» Raw data
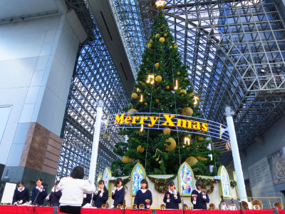 京都駅のでかいツリーの下で演奏してました。
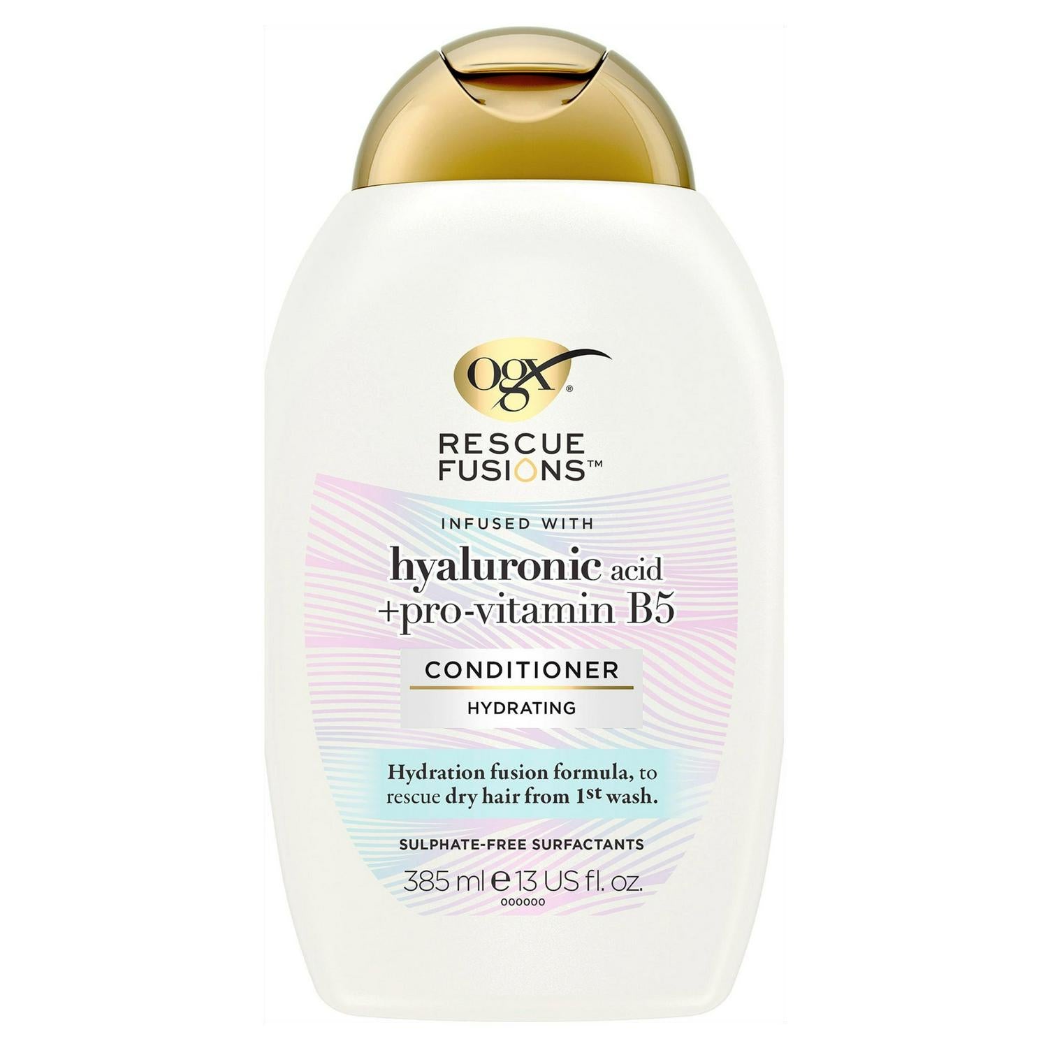 This OGX Rescue Fusions Conditioner is formulated to hydrate and revive dry hair effectively. Its rich blend, featuring Hyaluronic Acid and Pro Vitamin B5, works to restore moisture balance for improved hair health.
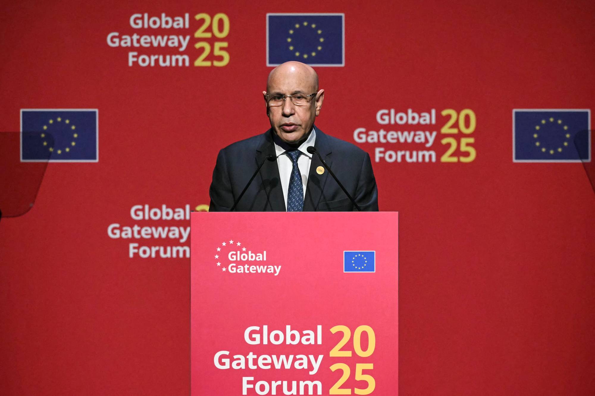 الرئيس الموريتاني يلقي كلمته خلال مشاركته في فعاليات منتدى البوابة العالمية 2025 (Global Gateway) (الرئاسة الموريتانية)
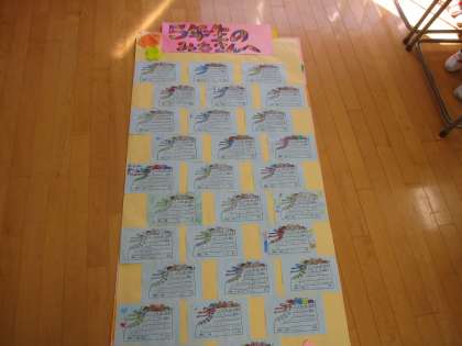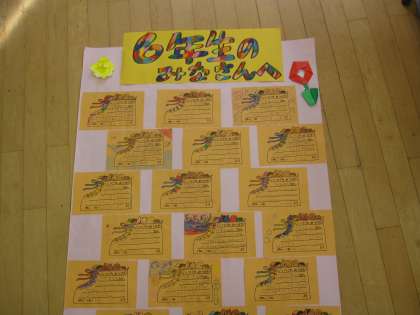 先週行われた移杖式を見て、1年生のみんなから5・6年生にメッセージを書きました。
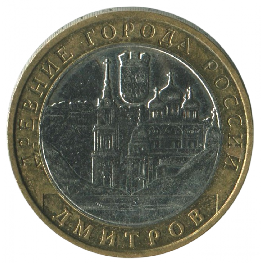 Среди монет, выпущенных Банком России в серии «Древние города России», монета Дмитров занимает свою определенную нишу достоинством 10 рублей. Эта монета выполнена из биметалла, что придает ей оригинальности и делает желанным экземпляром в коллекции любого нумизмата. Она является монетой юбилейной, увековечивающей в памяти потомков славный город.
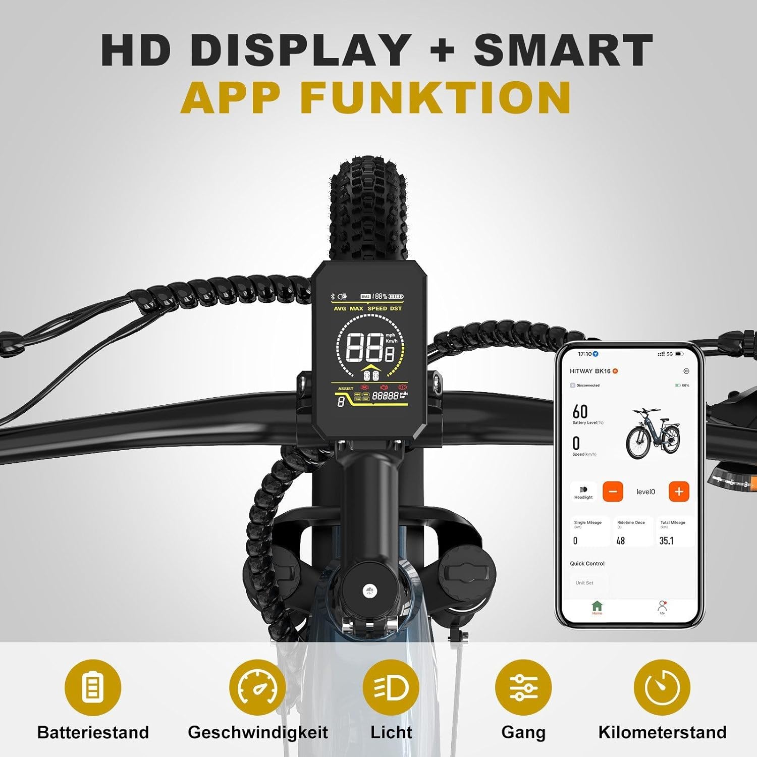 • 21700 Lithium-Akku: Entfesseln Sie die Leistung unseres HITWAY BK16 E-Bikes mit seinem 48 V 18 Ah 21700 Lithium-Akku mit großer Kapazität. Von Kurztrips bis hin zu längeren Fahrten bietet BK16 E-Bikes eine beeindruckende Reichweite von 55–80 km. Erleben Sie längere Fahrzeiten und verbesserte Leistung für Ihre täglichen Pendelfahrten oder gemütlichen Fahrten.
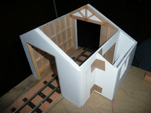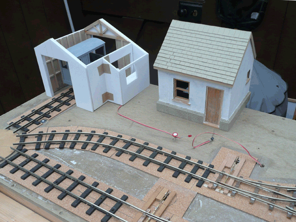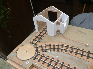 As the track was being laid, I realised that the section of track to the wagon works/engine shed could be extended to the back of the layout, to connect into the fiddle yard. The area suddenly took on more relevance and a building came into being. Made (as usual) of polyboard, but with timber and ply added.
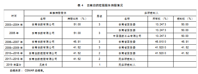 2016年以前,云南省国资委先后通过云南省医药总公司、云南省医药集团有限公司、云南云药有限公司、云南白药控股有限公司(以下简称“白药控股”),多层级间接控股云南白药(见表4)。虽然白药控股是云南白药的第一大股东,但是云南白药绝对控制权仍掌握在云南省国资委手中。加之由于白药控股母公司特殊的体制机制,公司董事会成员均由国资委直接委派任命,董事会并不具备真正的决策权。云南白药经营过程中重大事项的决策审批,仍需上报云南省国资委,层层审批的治理模式导致决策链条过长,决策效率低下。首先,这种治理结构也违背现代企业管理制度,使得公司内部治理效率低下;其次,经理人的选聘与任用也由云南省国资委委派任命,未能形成市场化的经理人进退机制;最后,政府干预下僵化的内部治理模式,导致企业缺乏对管理人员的适当激励。总之,有待改善的内部治理抑制了企业发展。
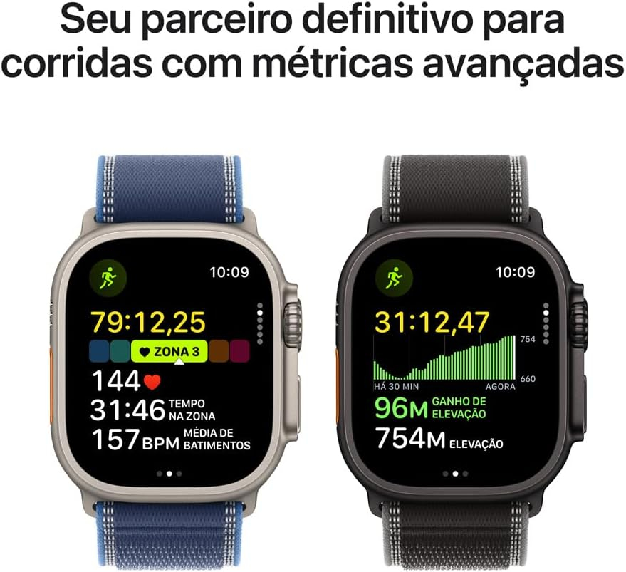 FORTE E PRONTO PARA A AÇÃO — Pensa em um relógio feito para durar. O Ultra 3 vem com uma caixa de titânio extremamente resistente e tela de cristal de safira. Ele também resiste a água até 100m e é ideal para nadar, mergulhar e praticar esportes aquáticos de alta velocidade.
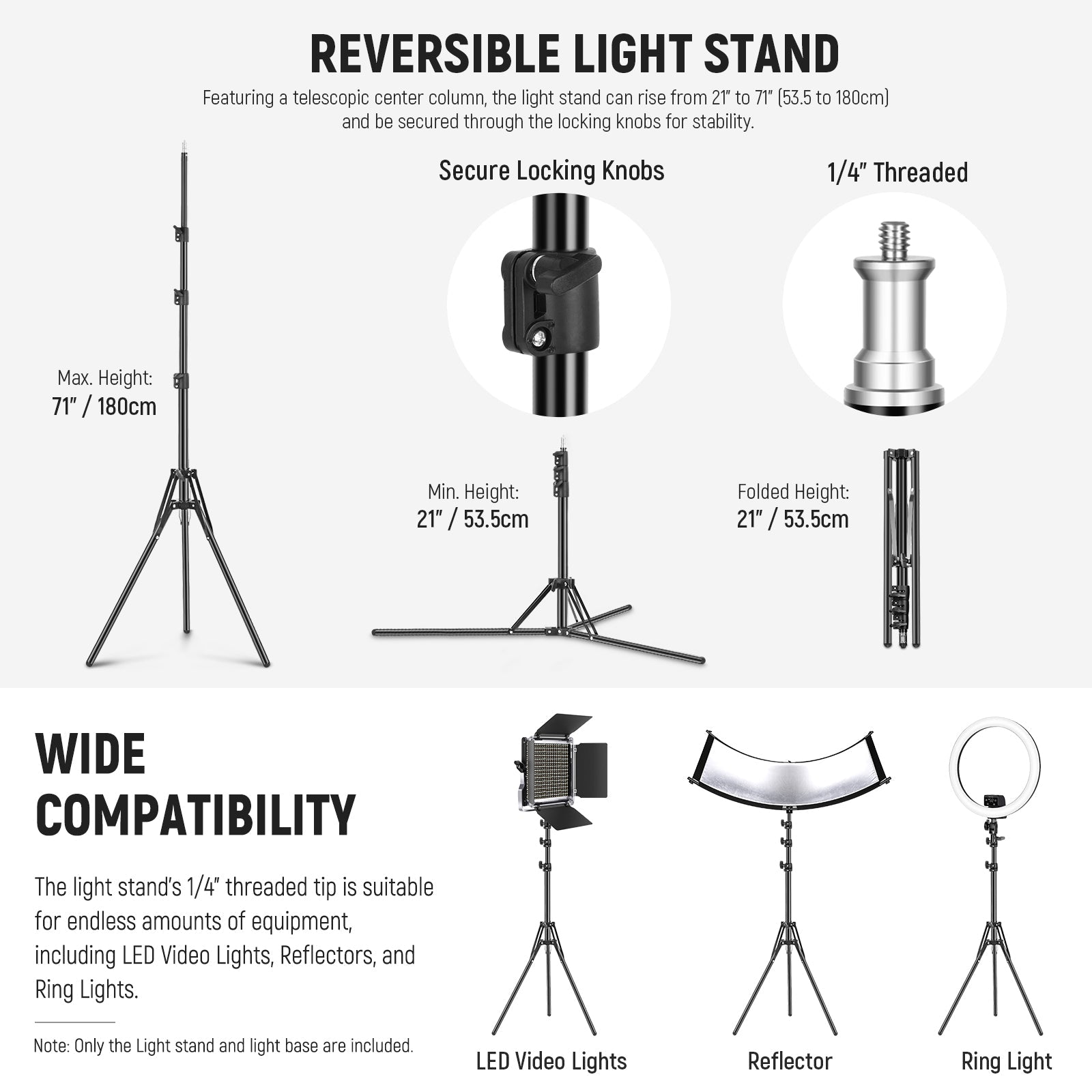 - Reversible Folding Light Stand- The reversible light stand with 3 telescopic sections can extend to 6ft (180cm) for different height requirements and fold down to a small size for simple storage and transportation

» Work task
Leave the pictures out and restate exactly the lines from the one that has "2016年以前,云南省国资委" through the final line of the entries above, both ends included.

» Your response
 2016年以前,云南省国资委先后通过云南省医药总公司、云南省医药集团有限公司、云南云药有限公司、云南白药控股有限公司(以下简称“白药控股”),多层级间接控股云南白药(见表4)。虽然白药控股是云南白药的第一大股东,但是云南白药绝对控制权仍掌握在云南省国资委手中。加之由于白药控股母公司特殊的体制机制,公司董事会成员均由国资委直接委派任命,董事会并不具备真正的决策权。云南白药经营过程中重大事项的决策审批,仍需上报云南省国资委,层层审批的治理模式导致决策链条过长,决策效率低下。首先,这种治理结构也违背现代企业管理制度,使得公司内部治理效率低下;其次,经理人的选聘与任用也由云南省国资委委派任命,未能形成市场化的经理人进退机制;最后,政府干预下僵化的内部治理模式,导致企业缺乏对管理人员的适当激励。总之,有待改善的内部治理抑制了企业发展。
 FORTE E PRONTO PARA A AÇÃO — Pensa em um relógio feito para durar. O Ultra 3 vem com uma caixa de titânio extremamente resistente e tela de cristal de safira. Ele também resiste a água até 100m e é ideal para nadar, mergulhar e praticar esportes aquáticos de alta velocidade.
 - Reversible Folding Light Stand- The reversible light stand with 3 telescopic sections can extend to 6ft (180cm) for different height requirements and fold down to a small size for simple storage and transportation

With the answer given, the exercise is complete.